AN OBSERVATIONAL ANALYSIS OF INSULINOMA FROM A TERTIARY CARE CENTRE
Keywords:
INSULINOMA, enet, insulinAbstract
INTRODUCTION/BACKGROUND
Insulinomas are the most common pancreatic neuroendocrine neoplasms. Diagnosis requires the demonstration of inappropriately high insulin and C-peptide levels after a prolonged fast, followed by tumour localization by radiological methods and endoscopic ultrasound with functional scans if suspicious for metastasis. Tumour removal by surgery or radiofrequency ablation (RFA) remains the mainstay of treatment.
METHODOLOGY
Data of patients from 2000 to 2023 diagnosed as functioning pancreatic NET in Hospital Putrajaya, Malaysia, were analysed retrospectively. This study aimed to evaluate the clinical features, preoperative laboratory results, imaging diagnosis, surgical treatments and pathologic findings of insulinomas in this centre.
RESULTS
Of 21 patients with functioning pancreatic NET, 19 patients were diagnosed with insulinoma with a male/female ratio of 0.6:1. Malignant insulinomas comprised 16.7% of patients. The median age of onset was 41 years. All patients presented with autonomic symptoms, more than 80% presented with neurological symptoms, and 38% had weight gain. Mean duration of symptoms prior to diagnosis was 2.3 years. All three diagnostic criteria of the functional European Neuroendocrine Tumour Society were met by 89% of patients, while 11% met two of the three criteria.

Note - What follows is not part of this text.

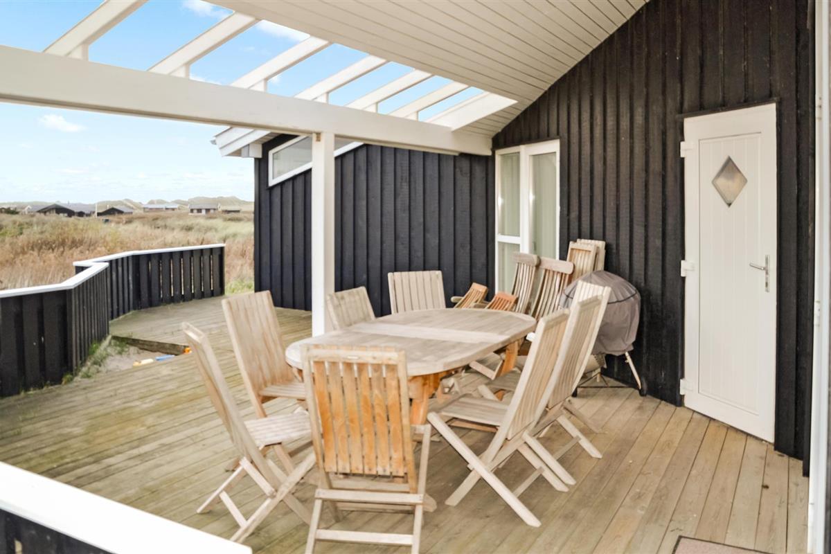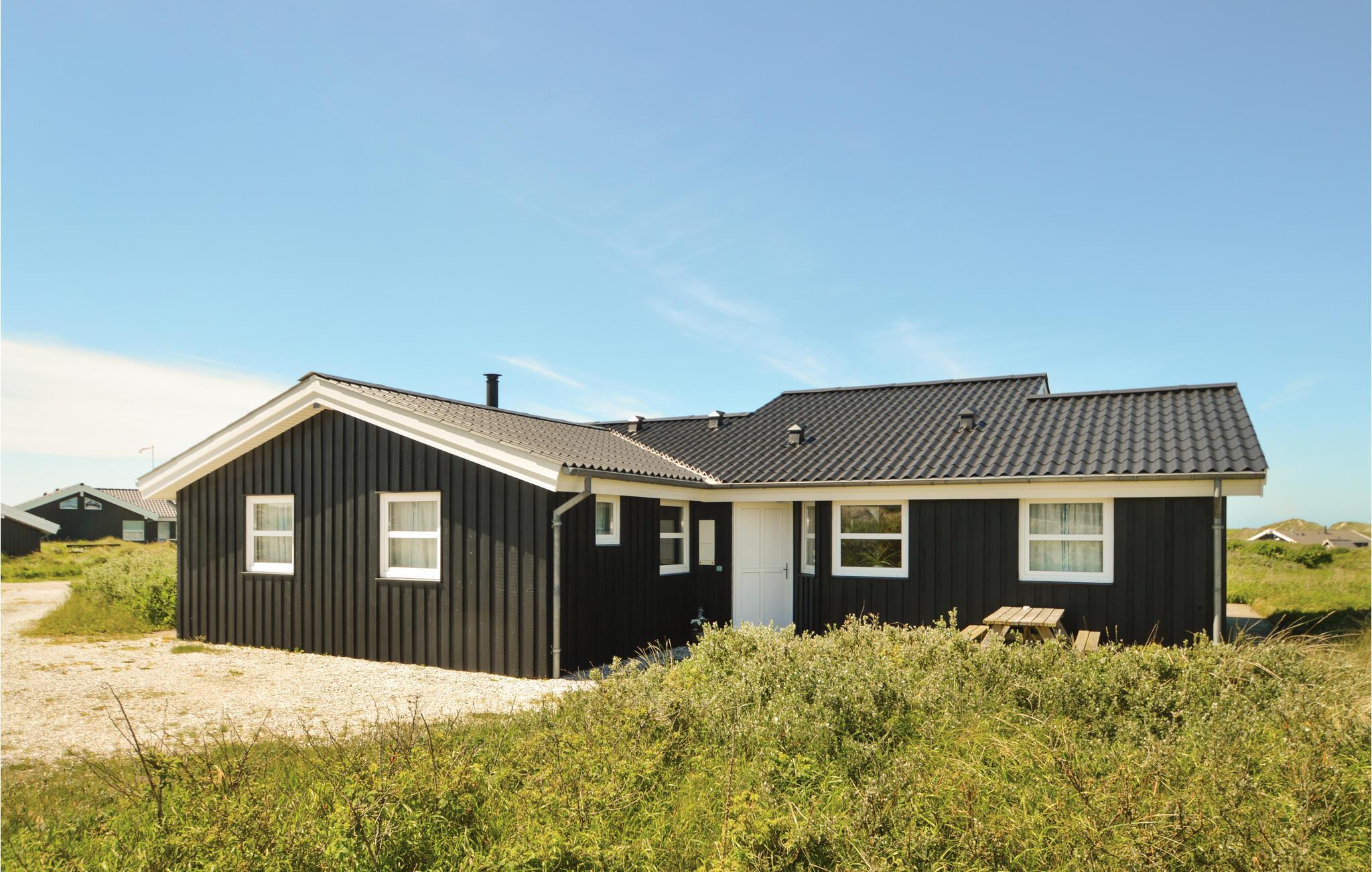 Modern vakantiehuis nabij Skallerup Klit met sauna, zwembad en uitzicht op duinen.

The preoperative detection rates of CT, MRI and EUS were 67%, 40% and 78%, respectively. ASVS was diagnostic in 71% of patients. Regarding treatment modalities, 40% of patients underwent pancreatic enucleation, 40% had partial pancreatectomy and 6% had RFA. The mean tumour size was 2.3 cm. Ki-67 were all less than 20%, with 88% having Ki-67 G1 or were well-differentiated. On further followup, 10% of these patients developed other manifestations of MEN-1 syndrome.
CONCLUSION
Our observational analysis showed that insulinomas were diagnosed in young to middle-aged patients with female preponderance. Initial presentations were mainly neurological, autonomic and with weight gain. Most also fulfilled the ENET biochemical criteria. The tumours are mostly small in size and have a low proliferative index. Clinical and biochemical manifestations for malignant insulinomas do not significantly differ from benign ones.